Colon Cancer: New Discovery Leads To Personalized Approach
New findings published in the journal Nature Medicine reveal how a certain tumor suppressor molecule that works to prevent tumor growth could actually lead to a new personalized approach in the treatment of colon cancer.
"Several studies and clinical evidence suggest AIM2 functions as a tumor suppressor, but until now, we've had very little direct evidence to explains how this occurs," said study author Justin E. Wilson, PhD and a postdoctoral fellow at UNC Lineberger, the UNC School of Medicine Department of Microbiology and Immunology and the Department of Genetics, in a news release. "We found that AIM2 inhibits tumorigenesis in multiple animal models of colorectal cancer by restricting the pro-survival signaling molecule, Akt, which is commonly hyperactive in many human cancers."
Researchers found that AIM2, a tumor-suppressing protein, helped to prevent colon cancer by restricting a signaling molecule called Akt. Furthermore, the study results build on previous research that suggest that AIM2 limits cancer cell growth in colon cancer cell lines, including how AIM2 limits the activation of the signaling molecule Akt.

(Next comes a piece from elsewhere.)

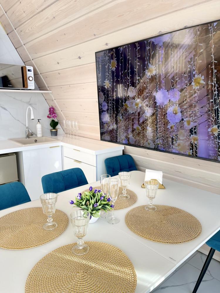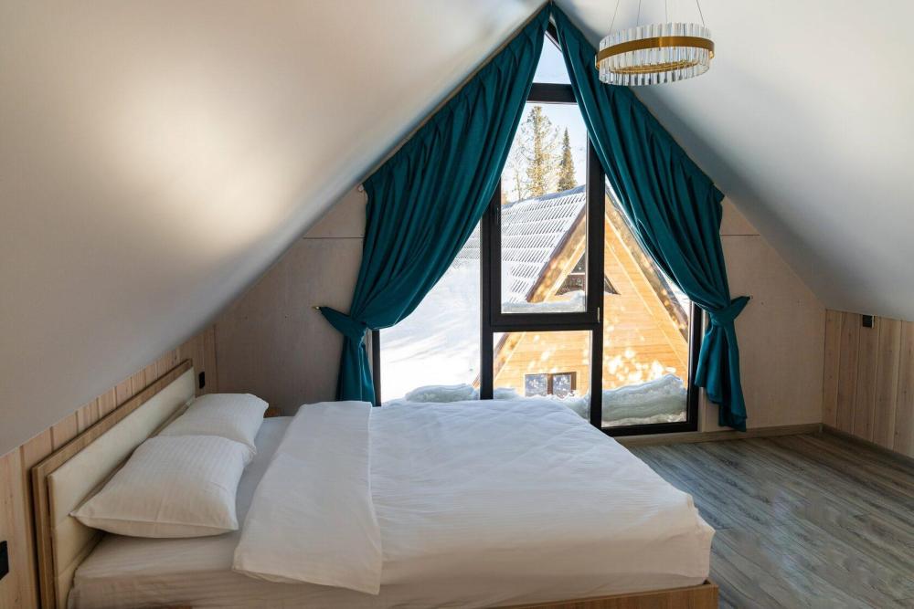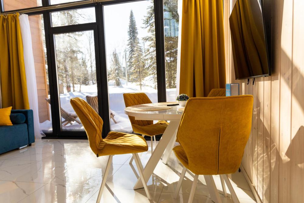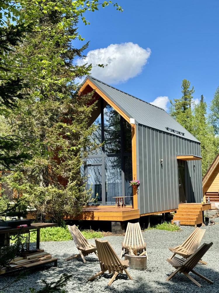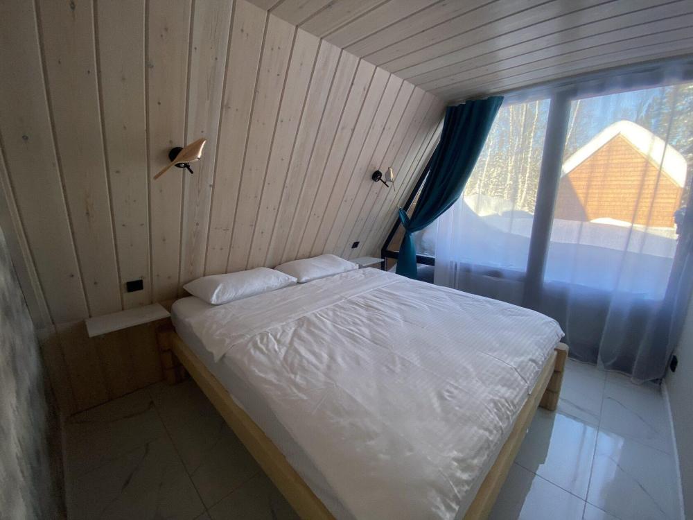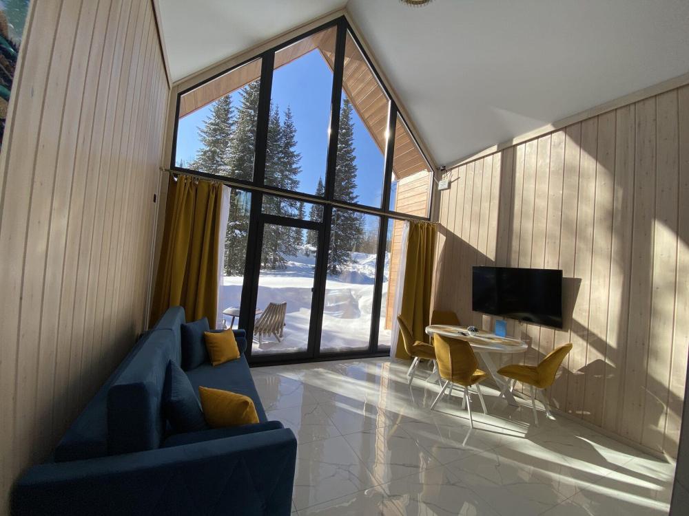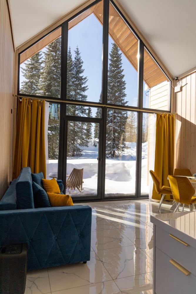 Современный дом в стиле А-фрейм рассчитан на 8 гостей, 6 основных и 2 дополнительных места. Первый этаж: гостиная с раскладным диваном и кухонной зоной, 2 изолированных спальни с двуспальными кроватями, с/у с душевой кабиной. Второй этаж: спальня с панорамными окнами и двуспальной кроватью.

"Patients with colon cancer lacking in AIM2 have been found to have poor survival, but we have identified a possible personalized therapeutic strategy to help them," added Jenny Ting, William R. Kenan Jr. Distinguished Professor in the UNC School of Medicine Department of Genetics and a UNC Lineberger Comprehensive Cancer Center member.
The findings showed that AIM2 helped in preventing the activation of the signaling molecule Akt. Furthermore, in mouse models that lacked AIM2, researchers found smaller tumors as well as precancerous colon polyps when Akt was blocked.
"Our research paves the way for future clinical trials that screen for AIM2 expression in colon cancer and possibly other cancers to identify patients who may potentially benefit from personalized anti-Akt therapy," Wilson concluded.